I’ve been Googling the use of wine in the Lord’s Supper and, skimming over various bits ‘n’ bobs is absolutely fascinating – there is one article by a certain person from a Baptist church laying out point by point why it’s grape juice not wine, and amongst the arguments pro-wine that he mentions and rejects is that Baptists used wine and it was only since the Temperance movements got off the ground that it was rejected; his counter to this is that using wine is (or was) a Baptist tradition and Baptist tradition can be just as wrong as Catholic or other traditions, and it would be wrong to go against God’s word in favour of tradition.
So, basically he’s saying that every Baptist congregation since the 1600s (if you accept that’s when Baptists got started, and don’t think they were there from the beginning) up to the 1800s when they ‘re-discovered’ the proper liquid to use (sorry if that sounds flippant, but I can’t think of any better way to put it) were not only in the same boat as the ignorant, benighted, superstitious Papists and the other Protestant sacramentalists who were nearly as bad as the Romans, they were actively opposing the will of God as revealed in Scripture.
Wow, is all I can say.
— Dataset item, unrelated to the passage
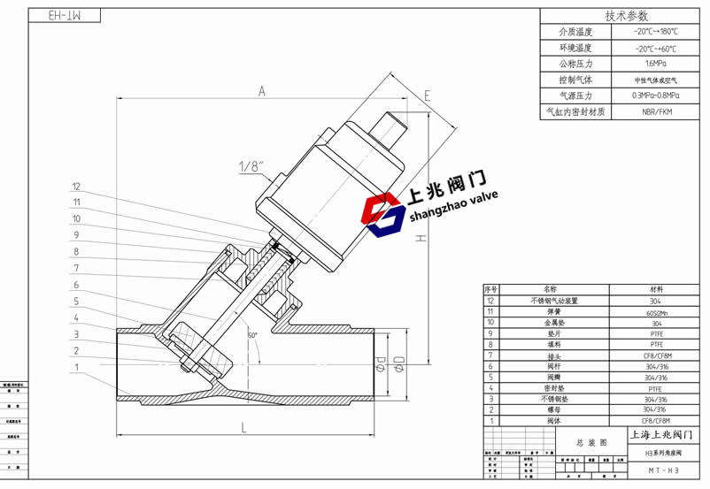 产品介绍 焊接气动角座阀--产品介绍 : 气动角座阀以316不锈钢为主要制造材质,广泛用于啤酒,纺织印染和漂白,制药及医疗设备,食品加工,橡胶机械,有机和无机化工,清洗消毒高温灭菌,水处理等行业,适用于介质为水,液体,中性气体,水蒸汽,轻微腐蚀性气体及液体,与电磁阀及其他阀门相比,具有投资经济,使用安全,免维护,寿命长的特点。 焊接气动角座阀--选项参数: 气缸材质:不锈钢/聚酰胺 阀座密封:PTFE(温度-20℃~+180℃)/F46(-20℃~+220℃) 选配附件:电磁阀/限位开关反馈信号/电气定位器/空气过滤减压阀 控制形式 直动式 阀体 不锈钢CF8M 结构 角座阀 阀芯材料 不锈钢 接口 G1/2-G2 阀座密封 PTEF 粘度 600mm2/s 活塞密封 FKM/NBR 介质温度 PTFE:-10℃~+180℃ 安装 任何位置 环境温度 -10℃~+60℃ 控制介质 空气 中性 气体 蒸汽焊接式气动角座阀零件表 名称 材料 名称 材料 阀体 CF8M 锁紧螺母 Hpb59-1 六角螺母 1Cr18Ni9Ti 指示杆 Hpb59-1 阀芯密封垫 PTFE 常闭弹簧 65Mn-D 阀芯体 OCr178Ni12Mo2 缸体 CF8M 阀体密封垫 FKM 顶盖 PC 连接 CF8M Y型圈 FKM 阀杆 OCr178Ni12Mo2 O型圈 NBR 阀杆密封套 PTFE 阀盖 CF8M 阀杆密封圈 PTFE 含油轴承 压紧密封垫 PTFE 垫圈 Hpb59-1 弹簧挡圈 活塞环 FKM 密封弹簧 65Mn-D 活塞 Hpb59-1 参数 接口 英寸 内孔 mm KV值 m3/h 最大工作 压力(bar) 要求最小 气源压力(bar) 执行机构 尺寸mm 流向 G3/8 13 3.7 0-16 4.0 40 阀座上方 G1/2 13 4.2 0-16 2.7 50 阀座上方 G3/4 20 8.0 0-16 2.7 50 阀座上方 G1 25 19.0 0-16 2.0 63 阀座上方 G11/4 32 27.5 0-16 2.0 63 阀座上方 G11/2 40 42.0 0-16 2.0 63 阀座上方 G2 50 52.0 0-16 2.0 63 阀座上方 G21/2 65 77.0 0-14 1.6 80 阀座上方1.气动角座阀按汽缸可分为: 单作用和双作用 单作用(气动头通常为一个孔);工作原理;根据弹簧复位达到开启和关闭的作用,分为??陀氤1招?。 双作用(气动头通常为两个孔);工作原理:给气控制其开关。 压力范围:0-1.6Mpa 介质温度:-10 ℃ ~+180 ℃ 环境温度:-10 ℃ ~+60 ℃ 阀体材料:不锈钢 密封材料:聚四氟乙烯 执行机构外壳:聚酰按、不锈钢 气动角座阀在生活中的应用: 控制气体:中性气体,空气 控制液体:自动化工业控制流体、食品级乳工业、生活用水、普通管道流体介质等。 2.焊接气动角座阀--应用范围: ①,啤酒饮料等灌装设备/beer & drinks filling machinery; ②,印刷纺织/textile printing&dying; ③,气体工业/gas industry; ④,制药及医疗设备/pharmacy & medical equipment; ⑤,化工行业/chemical industry; ⑥,高温灭菌/disinfection; ⑦,发泡机械/frothing equipment; ⑧,水污染处理/water sewage disposal。 3.角阀工作原理: 在非工作状态下,由于弹簧的作用,阀门常开或常闭。当执行器活塞被压缩气体作用时,阀门打开或关闭,双作用形式靠压缩气体来控制阀门开关 ⒉安装环境: ①,控制形式:直动式; ②,管道压力:MAX 1.6MPA(232psi); ③,控制压力:0.3-0.8MPA(43.5-116psi); ④,结构:角式 ⑤,接口:DN10-DN100; ⑥,介质粘度:600MM2/S; ⑦,介质温度:-10度-+180度(PTFE); ⑧,环境温度:-10度-+60度; ⑨,安装位置:任意位置(360度任选位置安装)。 4.安装与拆卸: ①,连接阀门至管道,确保阀体所附箭头与流体方向一致(阀体外侧箭头代表流体流动方向,安装请遵循); ②,焊接式安装:焊接时请拆离执行器; ③,螺纹、法兰、快装式安装:可正常安装; ④,拆卸:拆卸前确保对阀门的气压已解除;轻卸;拆卸后?;ず寐菸坪兔芊獠牧希?/div>

Also, it doesn’t seem to have occurred to him, in his condemnation of tradition, that using grape juice is a *modern* Baptist tradition which they are trying to justify out of the Bible by saying “well, there is no actual use of the word ‘wine’ but rather ‘fruit of the vine'” and some very, I have to say, dodgy exegesis about the Israelites wandering in the desert having no wine but only the juice of the vine.
Another guy who addresses this topic also made a remark that “Baptists have been using grape juice since forever”, which I have to think is more down to hastiness in posting than actually thinking deeply since come on – the 16th and 17th century Baptists didn’t use wine? Seriously? So this 1689 declaration really meant to say “unfermented grape juice” not “wine”?
“The Lord Jesus has, in this ordinance, appointed His ministers to pray and bless the elements of bread and wine (so setting them apart from a common to a holy use) and to take and break the bread, then to take the cup, and to give both to the communicants, also communicating themselves.”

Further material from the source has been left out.